For Food & Beverage Outlets (Kiosk and Stall) that focused on take-away and delivery, its business did not fare as well. For the last quarter of 2020, its sale dropped by 14.9%. For the entire year, its sales fell by 18.3%.

NEXT 3 MONTHS’ FORECAST

Members of the two retailers’ associations estimate an average growth rate of -13.4% during the first quarter of 2021. Movement Control Order (MCO) and CMCO in almost all states of Malaysia during the first 2 months of 2021 has affected almost all types of retail businesses.
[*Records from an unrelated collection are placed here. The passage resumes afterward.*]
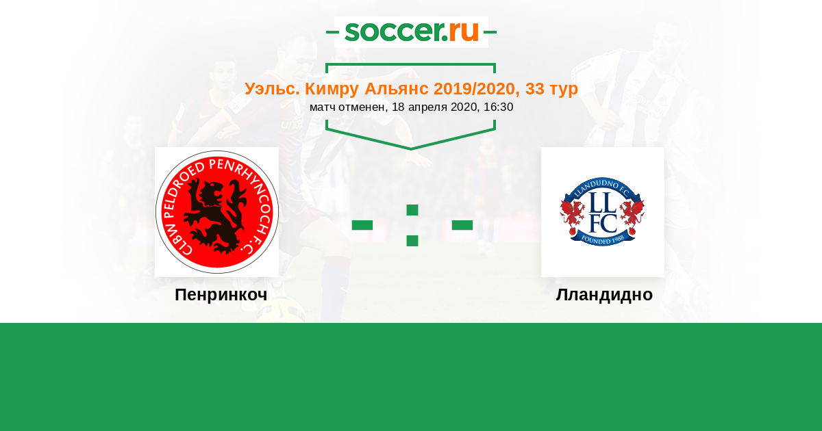 Уэльс. Кимру Альянс 05.04.2014 Пенринкоч Логотип футбольный клуб Пенринкоч 1:2 Логотип футбольный клуб Лландудно Лландудно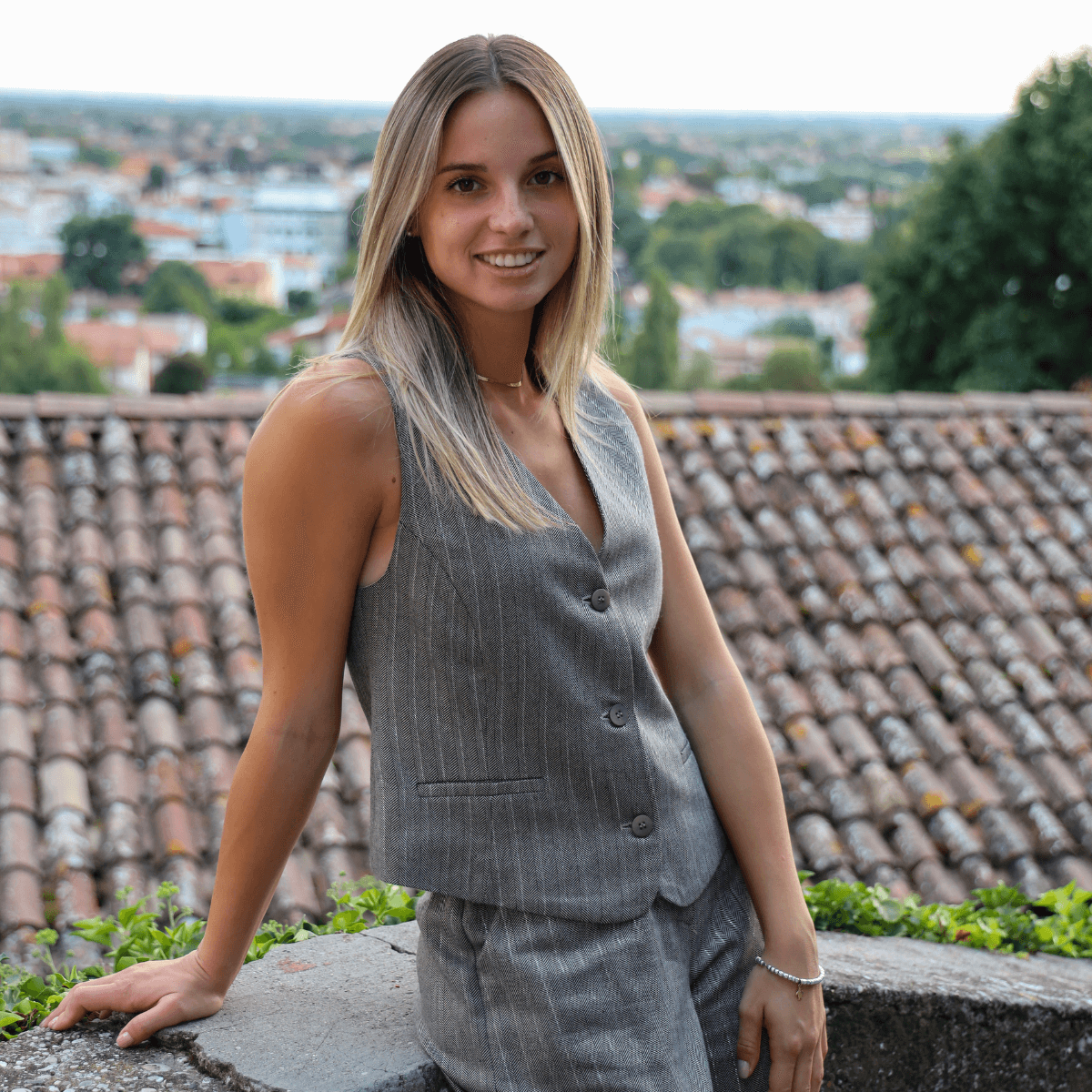 Gilet di CROCHÈ , realizzata in tessuto grigio a spina di pesce con fili in lurex. Chiusura con bottoni. La modella indossa una S.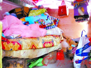 小窩棚里面有一個破舊的床墊,用木桶、磚塊等胡亂墊高。又臟又潮濕的被子等日常生活用品和阿婆撿回來的一些廢品雜亂地堆放在床上和底下,散發著一股難聞的氣味。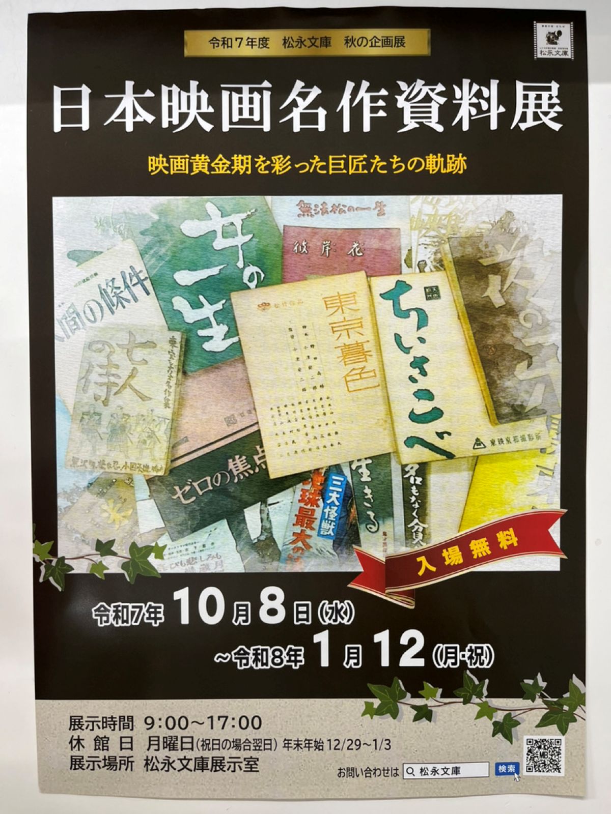 JR門司港駅から徒歩5分ほど旧大連航路上屋1階にある「松永文庫」展示室では現在、「日本映画名作資料展 映画黄金期を彩った巨匠たちの軌跡」が開催されています。期間は来年1月12日まで。

The department store cum supermarket operators are hopeful of better performance during the first quarter of this year. For this quarter, it expects the business contraction to be smaller at -9.1%.

On the other hand, the department store operators do not anticipate a recovery so soon. This retail sub-sector is expected to suffer with another double-digit negative growth rate of 47.4% for the first 3-month period of this year. 

Similarly, supermarket and hypermarket operators do not foresee their businesses to return to black during the first quarter of 2021. They anticipate their businesses to record another negative growth of 14.0% during this period.

Similarly, food and beverage kiosk and stall operators are not optimistic of their business performance during the first quarter of 2021. They expect sales to weaken by 14.8%.

THE YEAR 2021

In November last year, Retail Group Malaysia (RGM) projected a 4.9% growth rate in retail sales for 2021. However, this projection is no longer valid due to the re-implementation of MCO in the first 2 months of this year. 

RGM has revised its growth rate projection downwards from 4.9% to 4.1% for the whole year of 2021.

This latest revision is also based on other factors of consideration. 

More retail businesses will be allowed to open from March 2020. Nevertheless, movement restrictions continue to affect shopping traffic throughout the country.

Interstate travel ban is expected to be enforced for a longer period of time and it has been affecting domestic tourism spending.

The return of foreign tourists will be slow and gradual. Travel bubbles with selected countries will likely begin towards the end of this year.

Vaccination on the majority of the population will take a while. Thus, movement restrictions and social distancing measures will remain until the end of this year.

For this entire year, consumers’ spending is not expected to recover back to 2019 level.